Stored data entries

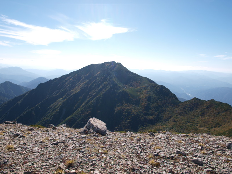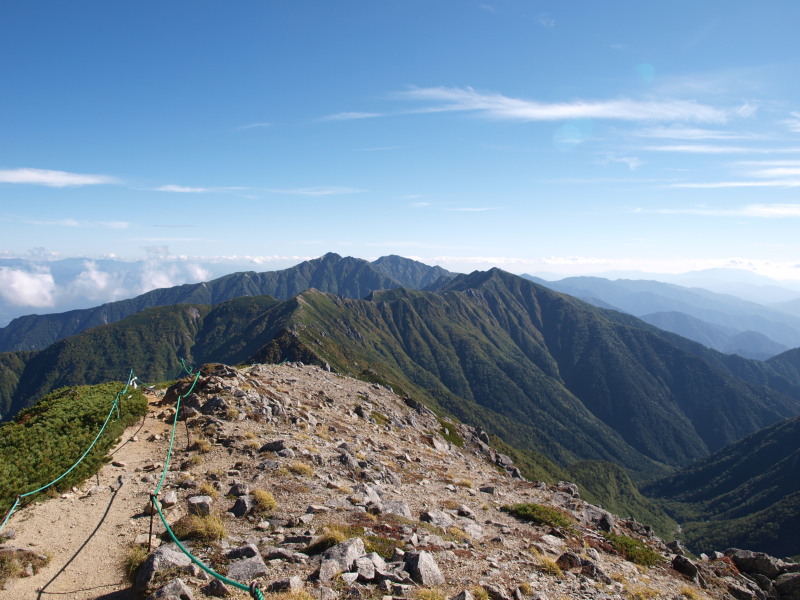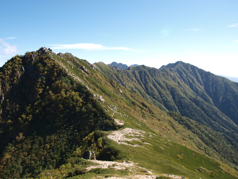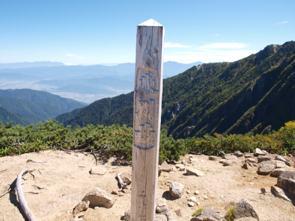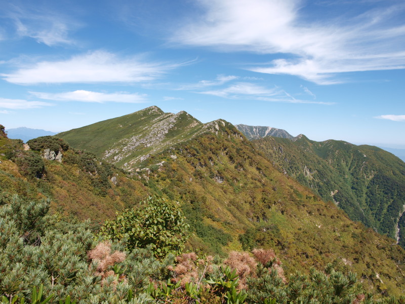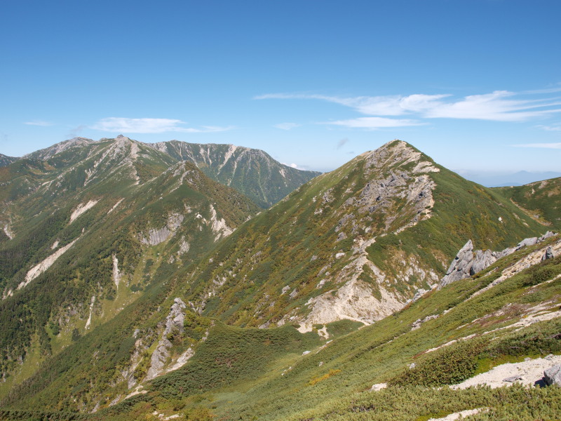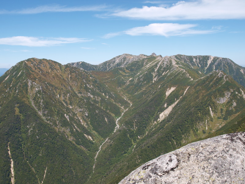 振り返れば空木岳、南駒ヶ岳、越百山。
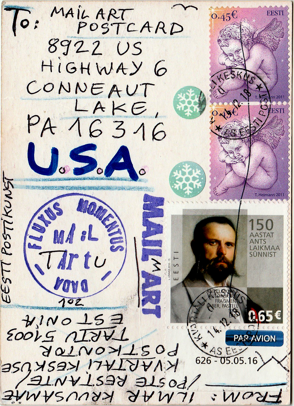 This is a curated exhibit of mail art postcards. All media are welcome. Not all cards submitted will be posted. Artists may send their pieces by postal mail to this address:
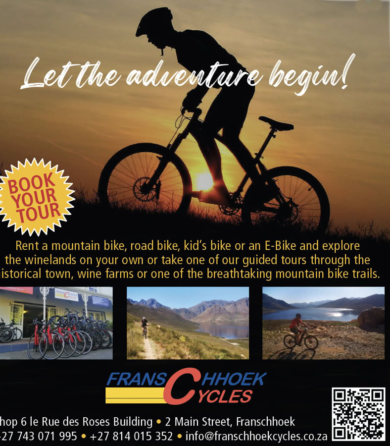 For lovers of horses visiting the Winelands, Equine Sport Centre offers all levels of horse riding, from beginners to the experienced. The centre caters to those who want a memorable trail ride through the scenic vineyards to riding lessons and activities for all levels of expertise.They also offer livery and stabling to private owners. Two of our well known highlights are the sunset trail ride and the unique wine tasting trail ride to Simonsig Winery and back, a perfect pairing for lovers of horses and wine. ESC prides itself on being an equestrian educational and welfare centre that puts its horses first and makes sure visitors have an unforgettable and safe day out. Location: Equine Sport Centre, R304, Stellenbosch Information: www.equinesportcentre.co.za • 082 494 7971 Price: fee
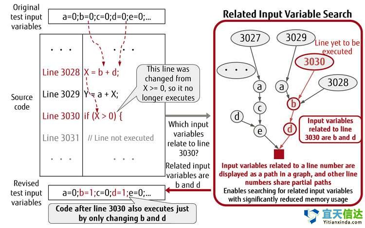 現(xiàn)在,通過有效地分析輸入變量和源代碼的訂正部分之間的關??系,從而使測試代碼可以在輸入變量電平被重用,實驗室已經(jīng)開發(fā)出自動測試代技術限制在測試的數(shù)量的增加由于源代碼的修改情況。新開發(fā)的技術,具有以下特點:
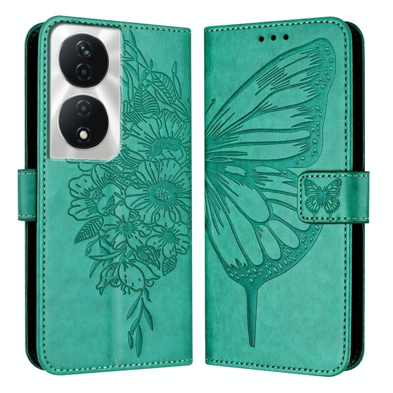 Για Honor 90 Smart / X7b 4G / X7b 5G ανάγλυφη πεταλούδα δερμάτινη θήκη τηλεφώνου (πράσινο)

> **Description of the task**: Set down every entry above verbatim, without pictures.

> **Task solution**:
 振り返れば空木岳、南駒ヶ岳、越百山。
 This is a curated exhibit of mail art postcards. All media are welcome. Not all cards submitted will be posted. Artists may send their pieces by postal mail to this address:
 For lovers of horses visiting the Winelands, Equine Sport Centre offers all levels of horse riding, from beginners to the experienced. The centre caters to those who want a memorable trail ride through the scenic vineyards to riding lessons and activities for all levels of expertise.They also offer livery and stabling to private owners. Two of our well known highlights are the sunset trail ride and the unique wine tasting trail ride to Simonsig Winery and back, a perfect pairing for lovers of horses and wine. ESC prides itself on being an equestrian educational and welfare centre that puts its horses first and makes sure visitors have an unforgettable and safe day out. Location: Equine Sport Centre, R304, Stellenbosch Information: www.equinesportcentre.co.za • 082 494 7971 Price: fee
 現(xiàn)在,通過有效地分析輸入變量和源代碼的訂正部分之間的關??系,從而使測試代碼可以在輸入變量電平被重用,實驗室已經(jīng)開發(fā)出自動測試代技術限制在測試的數(shù)量的增加由于源代碼的修改情況。新開發(fā)的技術,具有以下特點:
 Για Honor 90 Smart / X7b 4G / X7b 5G ανάγλυφη πεταλούδα δερμάτινη θήκη τηλεφώνου (πράσινο)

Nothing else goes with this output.